[GIT PULL] block bits for 2.6.31-rc5

From: Jens Axboe
Date: Tue Aug 04 2009 - 16:14:54 EST


Hi Linus,

Two things here - one is an IO topology fix set, a pre-requisite for
merging and fixing those for dm. The other is switching bsg to default
on and removing the experimental label. Distros have been shipping it on
for some time, and udev makes good use of it. The experimental label
should have been removed long ago.

Please pull.

git://git.kernel.dk/linux-2.6-block.git for-linus



John Stoffel (1):
Make SCSI SG v4 driver enabled by default and remove EXPERIMENTAL dependency, since udev depends on BSG

Martin K. Petersen (4):
block: Make blk_queue_stack_limits use the new stacking interface
block: Add a wrapper for setting minimum request size without a queue
block: Stack optimal I/O size
block: Update topology documentation

Documentation/ABI/testing/sysfs-block | 37 ++++++++++------
block/Kconfig | 11 +++--
block/blk-settings.c | 77 +++++++++++++++++++-------------
include/linux/blkdev.h | 1 +
4 files changed, 77 insertions(+), 49 deletions(-)
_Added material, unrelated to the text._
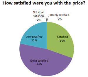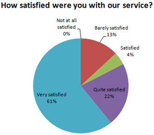 After each job we complete we survey our customers to find out if we delivered like we said we would. We want to know 3 main things: How satisfied were our customers with their job, with the service we gave them, and with the price they paid. The results speak for themselves. As the pie chart shows below:

diff --git a/Documentation/ABI/testing/sysfs-block b/Documentation/ABI/testing/sysfs-block
index cbbd3e0..5f3beda 100644
--- a/Documentation/ABI/testing/sysfs-block
+++ b/Documentation/ABI/testing/sysfs-block
@@ -94,28 +94,37 @@ What: /sys/block/<disk>/queue/physical_block_size
Date: May 2009
Contact: Martin K. Petersen <martin.petersen@xxxxxxxxxx>
Description:
- This is the smallest unit the storage device can write
- without resorting to read-modify-write operation. It is
- usually the same as the logical block size but may be
- bigger. One example is SATA drives with 4KB sectors
- that expose a 512-byte logical block size to the
- operating system.
+ This is the smallest unit a physical storage device can
+ write atomically. It is usually the same as the logical
+ block size but may be bigger. One example is SATA
+ drives with 4KB sectors that expose a 512-byte logical
+ block size to the operating system. For stacked block
+ devices the physical_block_size variable contains the
+ maximum physical_block_size of the component devices.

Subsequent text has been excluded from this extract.